Dear OncoLink "Ask The Experts,"
I recently had a colposcopy for a CIN abnormal pap. I was told I had 3 suspicious lesions. An endocervical curettage (ECC) was also done. The biopsy report states the (ECC) was "non-diagnostic" as well as one biopsy. What exactly does "non-diagnostic" mean? My family physician did this procedure. He recommended cryotherapy. I was told cryotherapy was not a very reliable treatment since the depth could not be well controlled and no sample exists for testing. Should I see a specialist to make sure? 

Answer

Christina S. Chu, MD, Assistant Professor of the Division of Gynecologic Oncology at the University of Pennsylvania Health System, responds:

"Non-diagnostic" usually means that the amount of tissue obtained was too small to make an accurate diagnosis. While cryotherapy and loop electrocautery excision procedure (LEEP) are both commonly practiced therapy for CIN II, I believe that you are right to be concerned about the non-diagnostic biopsies, especially the ECC. The standard recommendation at this point would be to have a repeat ECC before undergoing any procedure on the cervix.
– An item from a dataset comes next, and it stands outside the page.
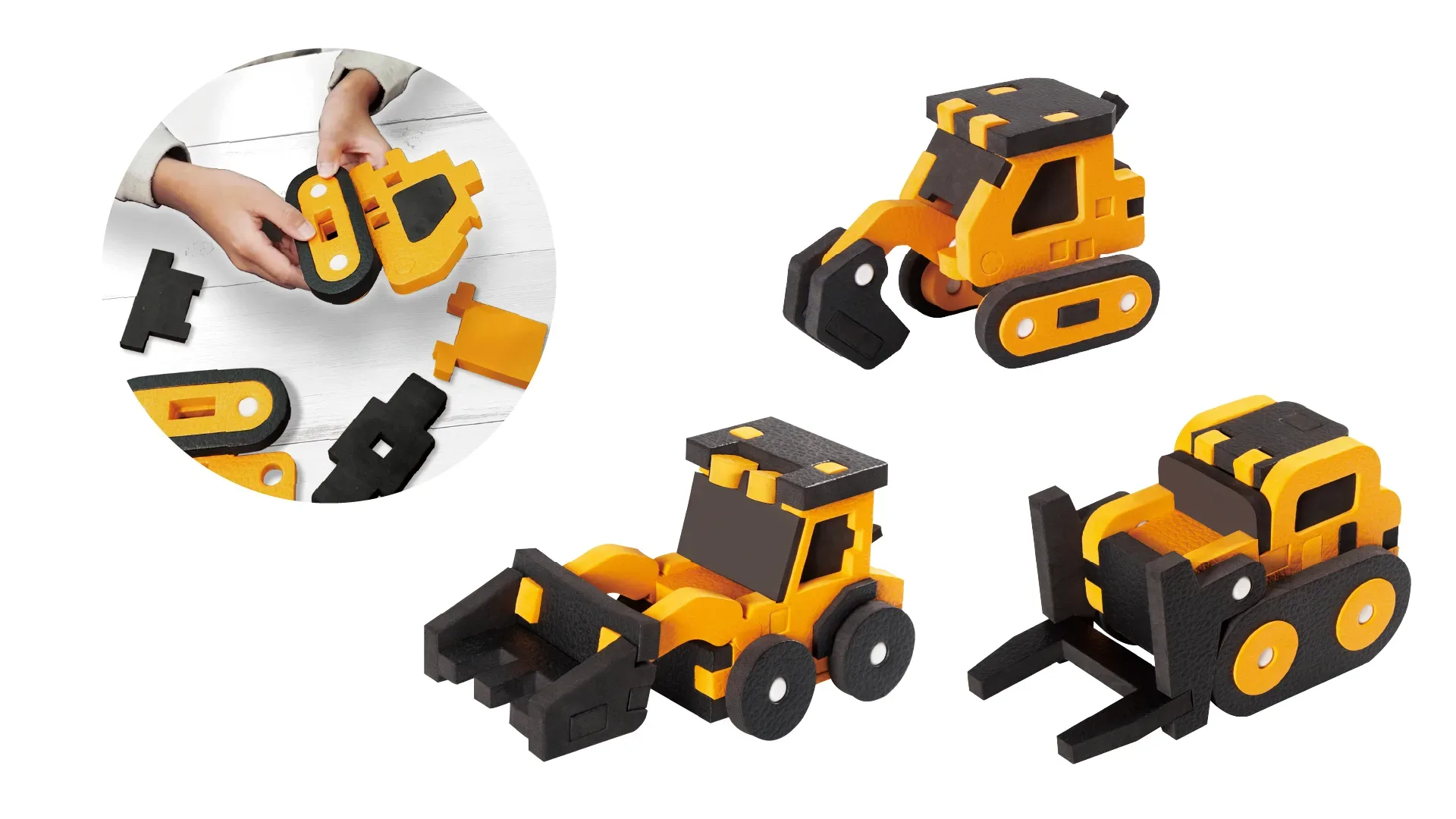 総合雑貨メーカーのハック(東大阪市)はことし3月から順次、やわらか素材の組み立てブロック「やわらかブロック はらたく建設車」、自由に組み立てて遊べる「わくわく!ソフトブロック33P」を新発売する。

This is because if there is a more serious abnormality on the ECC, a LEEP or cone biopsy may be required (in other words, cryotherapy might not be the appropriate treatment). Though it is a commonly used treatment, in our practice, we rarely perform cryotherapy for the very reasons that you mentioned. If you are uncomfortable with your current physician, I would suggest you see a gynecologist who is experienced in colposcopy and the treatment of CIN disease of the cervix.